> What to work on
When you copy from the entries that follow, take only the lines from the one with "上午10点整,同学们进入腾讯" down to the one with "Mithilfe von Wolle", keeping both ends and dropping every picture.

> Records provided
# # # # # # #
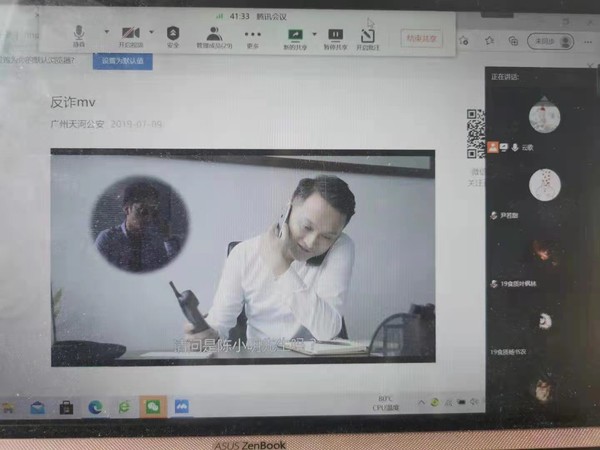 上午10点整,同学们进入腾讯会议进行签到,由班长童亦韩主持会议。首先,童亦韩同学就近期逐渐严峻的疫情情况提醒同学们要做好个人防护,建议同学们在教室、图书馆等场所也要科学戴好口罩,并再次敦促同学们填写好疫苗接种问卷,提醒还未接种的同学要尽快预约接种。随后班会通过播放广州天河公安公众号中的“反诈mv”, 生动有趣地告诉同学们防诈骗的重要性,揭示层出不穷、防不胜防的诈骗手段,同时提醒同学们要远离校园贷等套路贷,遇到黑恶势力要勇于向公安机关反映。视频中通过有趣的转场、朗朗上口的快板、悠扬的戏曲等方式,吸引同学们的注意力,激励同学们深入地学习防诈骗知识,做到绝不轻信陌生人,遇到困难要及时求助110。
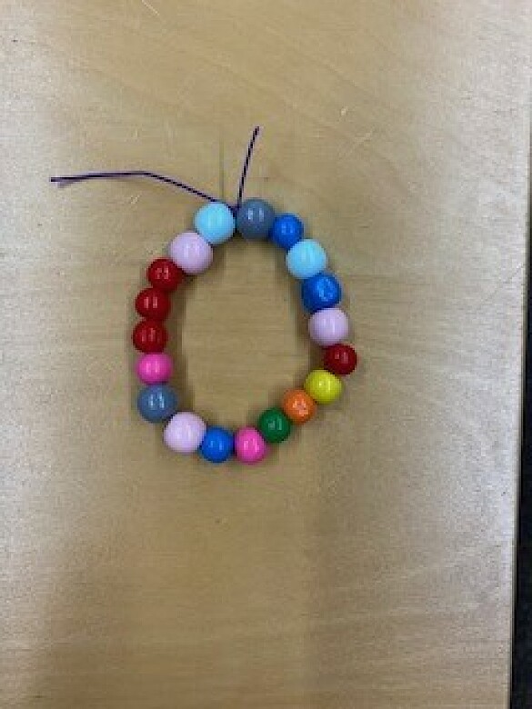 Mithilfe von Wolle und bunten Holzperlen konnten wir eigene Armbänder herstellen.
# # # # # # #
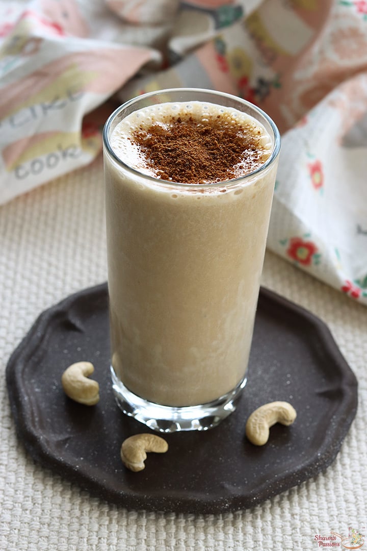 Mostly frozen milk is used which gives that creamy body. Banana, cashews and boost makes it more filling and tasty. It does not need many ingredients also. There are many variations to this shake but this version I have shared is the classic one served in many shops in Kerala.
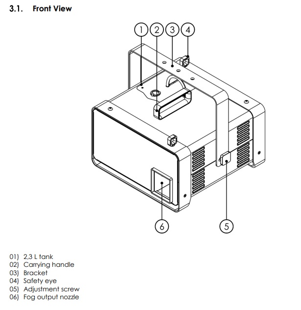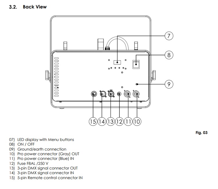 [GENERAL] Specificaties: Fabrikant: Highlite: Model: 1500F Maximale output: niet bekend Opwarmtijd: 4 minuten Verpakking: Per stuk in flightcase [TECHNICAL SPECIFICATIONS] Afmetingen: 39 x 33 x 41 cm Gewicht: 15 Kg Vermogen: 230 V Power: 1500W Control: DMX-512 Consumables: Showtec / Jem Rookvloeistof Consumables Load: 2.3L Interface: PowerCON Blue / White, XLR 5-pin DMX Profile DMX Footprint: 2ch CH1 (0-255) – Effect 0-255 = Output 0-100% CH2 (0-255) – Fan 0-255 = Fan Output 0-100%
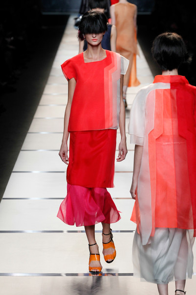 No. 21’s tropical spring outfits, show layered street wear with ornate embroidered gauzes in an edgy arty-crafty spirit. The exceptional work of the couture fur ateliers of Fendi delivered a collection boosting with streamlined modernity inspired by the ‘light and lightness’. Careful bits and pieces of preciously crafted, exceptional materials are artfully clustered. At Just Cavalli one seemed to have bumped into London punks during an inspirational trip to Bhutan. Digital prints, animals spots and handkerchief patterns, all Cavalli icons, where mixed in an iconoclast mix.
# # # # # # #
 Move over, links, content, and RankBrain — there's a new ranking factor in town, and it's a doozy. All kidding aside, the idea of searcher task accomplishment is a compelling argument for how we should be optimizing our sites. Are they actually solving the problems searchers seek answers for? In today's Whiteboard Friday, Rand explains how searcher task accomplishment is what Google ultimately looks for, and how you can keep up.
# # # # # # #
> The answer
 上午10点整,同学们进入腾讯会议进行签到,由班长童亦韩主持会议。首先,童亦韩同学就近期逐渐严峻的疫情情况提醒同学们要做好个人防护,建议同学们在教室、图书馆等场所也要科学戴好口罩,并再次敦促同学们填写好疫苗接种问卷,提醒还未接种的同学要尽快预约接种。随后班会通过播放广州天河公安公众号中的“反诈mv”, 生动有趣地告诉同学们防诈骗的重要性,揭示层出不穷、防不胜防的诈骗手段,同时提醒同学们要远离校园贷等套路贷,遇到黑恶势力要勇于向公安机关反映。视频中通过有趣的转场、朗朗上口的快板、悠扬的戏曲等方式,吸引同学们的注意力,激励同学们深入地学习防诈骗知识,做到绝不轻信陌生人,遇到困难要及时求助110。
 Mithilfe von Wolle und bunten Holzperlen konnten wir eigene Armbänder herstellen.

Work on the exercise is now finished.